● **What the task asks**
Repeat the listing exactly as given, omitting every image.

━━━━━━━━

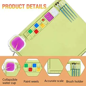 Silicone Craft Mat, Nonstick Silicone Painting Mat 20"x 16" Silicone Art Mat with Cup and Paint Holder, Multipurpose Silicone Art Mat for Painting Clay Resin Casting
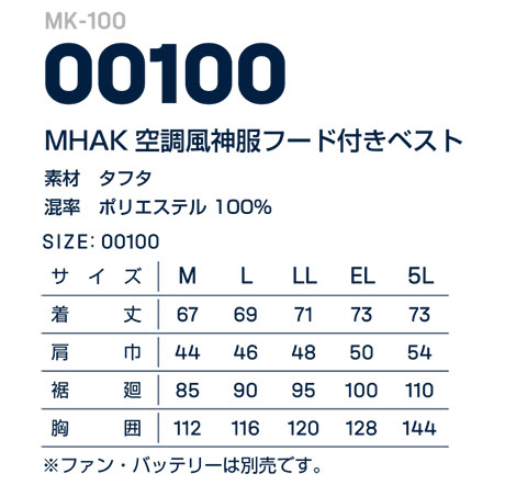 MK-100/00100 MHAK空調風神服フード付きベスト
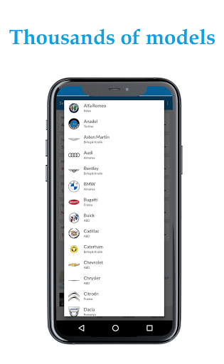 Makes: Alfa Romeo, Anadol, Aston Martin, Audi, Bentley, Bmw, Bugatti, Buick, Cadillac, Caterham,Chevrolet, Citroen, Dacia, Daewoo, Daihatsu, Dodge, Ds, Ferrari, Fiat, Ford, Geely, Honda, Hyundai, Ikco, Infiniti, Isuzi, Jaguar, Kia, Lada, Lamborghini, Lancia, Land Rover, Lexus, Maserati, Mercedes Benz, Mini, Mitsubishi, Nissan, Opel, Peugeot, Porsche, Renault, Rolls Royce, Skoda, Smart, Subaru, Suziki, Tesla, Toyota, Volkswagen, Volvo
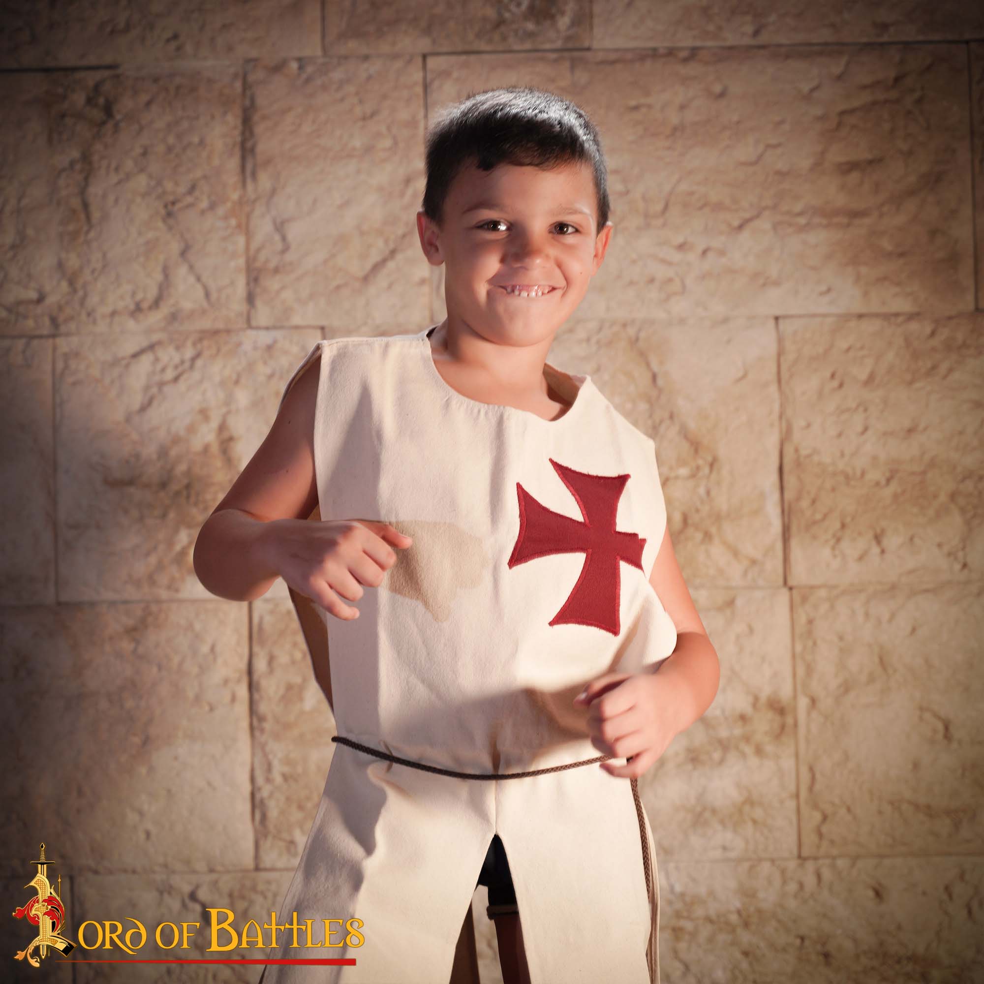 Crafted with utmost attention to detail by skilled artisans, this surcoat is made from the highest quality cotton, ensuring that it is both light and breathable. Your junior will experience unparalleled comfort during those ardent reenactments or playful adventures in the backyard. Unlike synthetic fabrics that can irritate the skin, our cotton is gentle, allowing for active movement and extended wear.
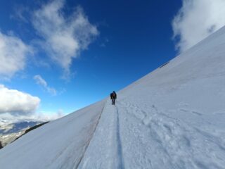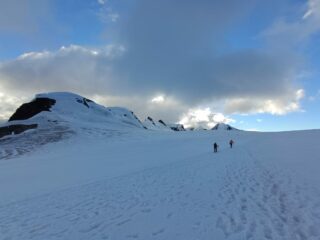 Parcheggio comodo agli impianti di risalita (che costano una fucilata: 55€ andata/ritorno). Dormito al Guide del Cervino, dove ci siamo trovati molto bene ed abbiamo mangiato altrettanto bene sia a colazione che a cena! Partiti alle 5.20 dal rifugio in condizioni meteo non favorevoli, all’attacco del ghiacciaio dopo le piste da sci una finestra di bel tempo ci ha permesso di salire il solo occidentale e scendere in tempo, prima che le nuvole tornassero. Tanto vento in cima, ma panorama eccezionale. Ghiacciaio con neve molto molle dalle ore 10.00.
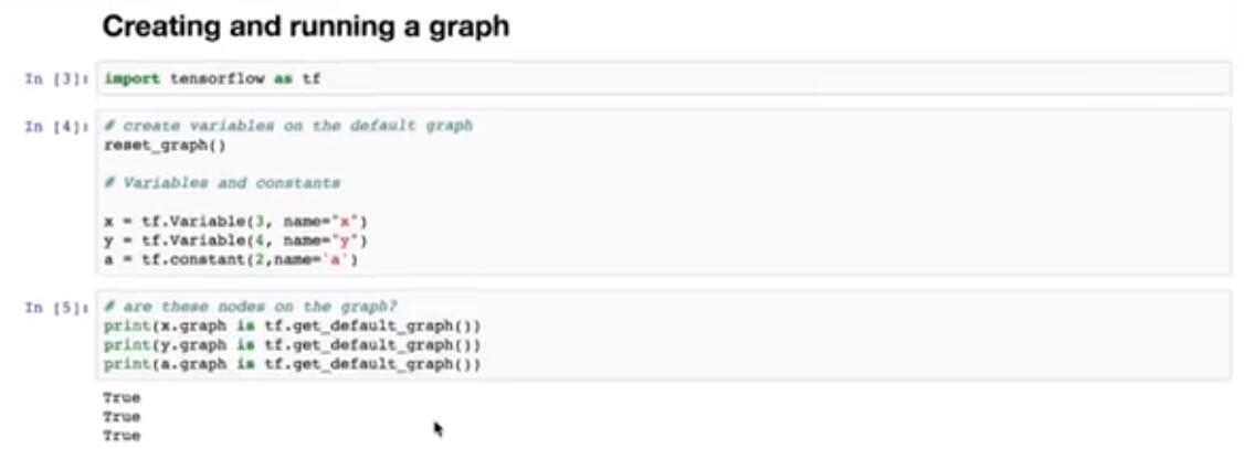 作为我们可以做的第一件事,我们启动下面的单元格,我们通过使用此函数,在默认图中创建它。然后我们为两个变量 x 和 y 创建三个节点。而且一个常量。它们将分别通过值 3,4 和 2 初始化。现在,让我们检查一下我们创建的节点是否确实在默认图上。很好,就是这样。

━━━━━━━━

● **Solution to the problem**
 Silicone Craft Mat, Nonstick Silicone Painting Mat 20"x 16" Silicone Art Mat with Cup and Paint Holder, Multipurpose Silicone Art Mat for Painting Clay Resin Casting
 MK-100/00100 MHAK空調風神服フード付きベスト
 Makes: Alfa Romeo, Anadol, Aston Martin, Audi, Bentley, Bmw, Bugatti, Buick, Cadillac, Caterham,Chevrolet, Citroen, Dacia, Daewoo, Daihatsu, Dodge, Ds, Ferrari, Fiat, Ford, Geely, Honda, Hyundai, Ikco, Infiniti, Isuzi, Jaguar, Kia, Lada, Lamborghini, Lancia, Land Rover, Lexus, Maserati, Mercedes Benz, Mini, Mitsubishi, Nissan, Opel, Peugeot, Porsche, Renault, Rolls Royce, Skoda, Smart, Subaru, Suziki, Tesla, Toyota, Volkswagen, Volvo
 Crafted with utmost attention to detail by skilled artisans, this surcoat is made from the highest quality cotton, ensuring that it is both light and breathable. Your junior will experience unparalleled comfort during those ardent reenactments or playful adventures in the backyard. Unlike synthetic fabrics that can irritate the skin, our cotton is gentle, allowing for active movement and extended wear.
 Parcheggio comodo agli impianti di risalita (che costano una fucilata: 55€ andata/ritorno). Dormito al Guide del Cervino, dove ci siamo trovati molto bene ed abbiamo mangiato altrettanto bene sia a colazione che a cena! Partiti alle 5.20 dal rifugio in condizioni meteo non favorevoli, all’attacco del ghiacciaio dopo le piste da sci una finestra di bel tempo ci ha permesso di salire il solo occidentale e scendere in tempo, prima che le nuvole tornassero. Tanto vento in cima, ma panorama eccezionale. Ghiacciaio con neve molto molle dalle ore 10.00.
 作为我们可以做的第一件事,我们启动下面的单元格,我们通过使用此函数,在默认图中创建它。然后我们为两个变量 x 和 y 创建三个节点。而且一个常量。它们将分别通过值 3,4 和 2 初始化。现在,让我们检查一下我们创建的节点是否确实在默认图上。很好,就是这样。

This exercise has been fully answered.